Zurück in den Wettkampfmodus fand die 21-Jährige, die nach ihrem Abitur im letzten Jahr am Herdecker Friedrich-Harkort-Gymnasium eine Ausbildung als Industriekauffrau in Essen begonnen hat und nach Dortmund gezogen ist, in der Hallensaison. Bei den Westfalenmeisterschaften in der Dortmunder Körnig-Halle Mitte Januar schaffte sie als Zweite in 2:10,60 Minuten die DM-Norm über 800 m, an gleicher Stelle gelang ihr das eine Woche später als Siegerin bei den NRW-Titelkämpfen in 4:28,49 Minuten über 1500 m.

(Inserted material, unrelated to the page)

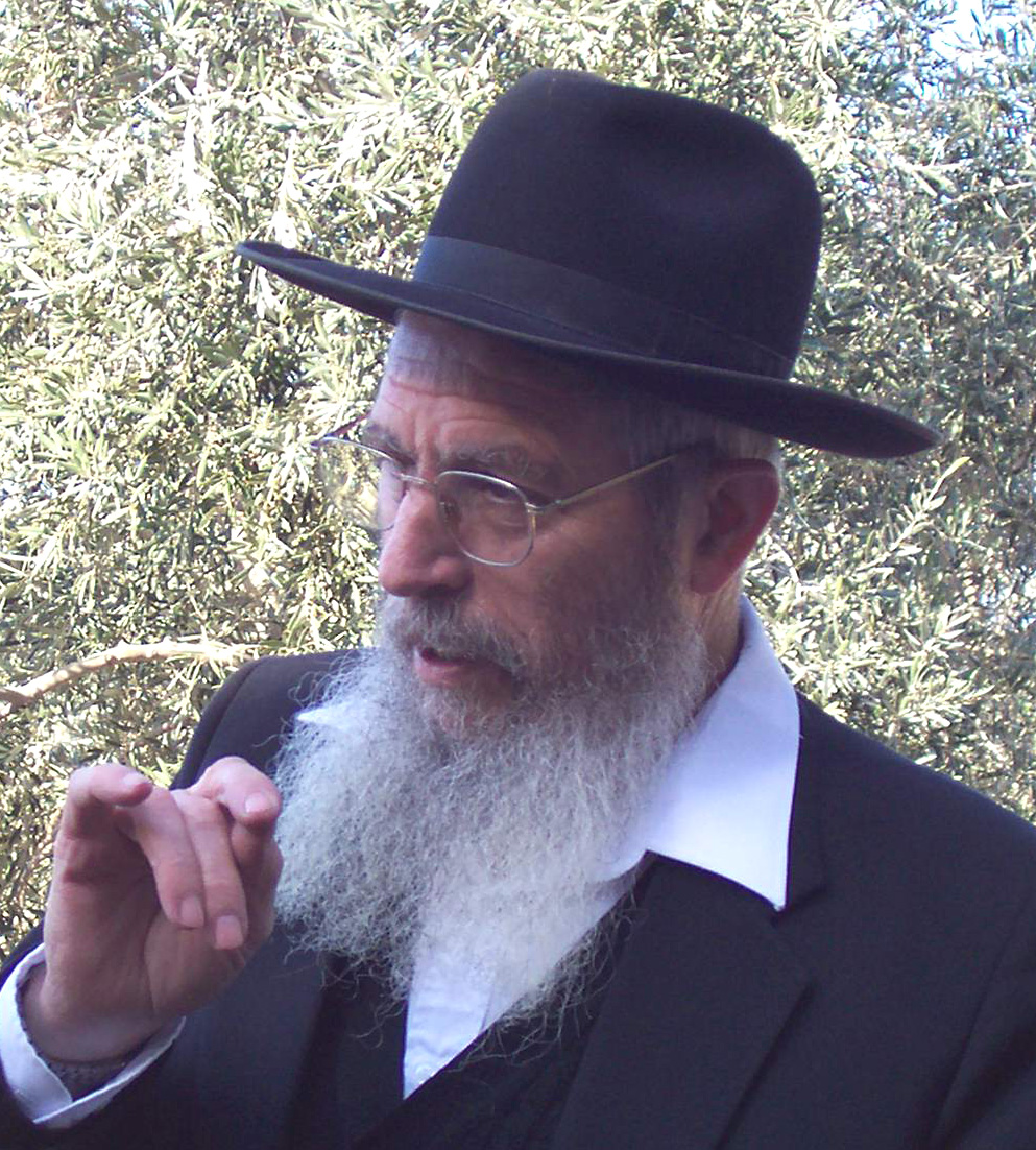 Picture of raabi Yisrael Ariel.

Beim großen Indoor-Meeting ihrer LG Olympia in Dortmund vor großer Kulisse musste Patricia de Graat dann aber noch Lehrgeld zahlen. Im B-Finale über 800 m begann sie für ihre Verhältnisse zu schnell und musste sich am Ende mit 2:11,19 Minuten begnügen. „Zufrieden war ich da nicht, das Anfangstempo war für mich zu hoch“, sagt sie, „aber ich war lange aus dem Geschehen raus, da fehlte die Wettkampf-Routine. Ich weiß, dass ich mehr drauf habe - und das werde ich in Leipzig zeigen.“

Fuß macht keine Probleme

Das dann aber wohl - davon geht sie vor der konkreten Absprache mit Trainer Pierre Ayadi aus - über die längere 1500-m-Strecke, auf der ihre 4:28,49 die fünftbeste Zeit aller 20 Starterinnen sind. „Mein Ziel ist es, ins Finale zu kommen, es wäre das erste Mal bei den Frauen“, sagt die Herdeckerin, die in ihrem letzten Jahr auch bei den Juniorinnen startet: „Aber das muss ich erstmal schaffen, im Halbfinale wird viel taktiert werden.“ Und wenn es mit dem Finale gegen die nationale Elite klappt? „Mal schauen, was dann geht.“ Zumindest der lange malade Fuß soll sie nicht an einem starken Auftritt hindern. „Aktuell habe ich damit keine Probleme“, sagt sie, „ich arbeite in der Vor- und Nachbereitung des Trainings aber auch viel mehr daran.“ Angesichts der langen Zwangspause ist das nur allzu verständlich.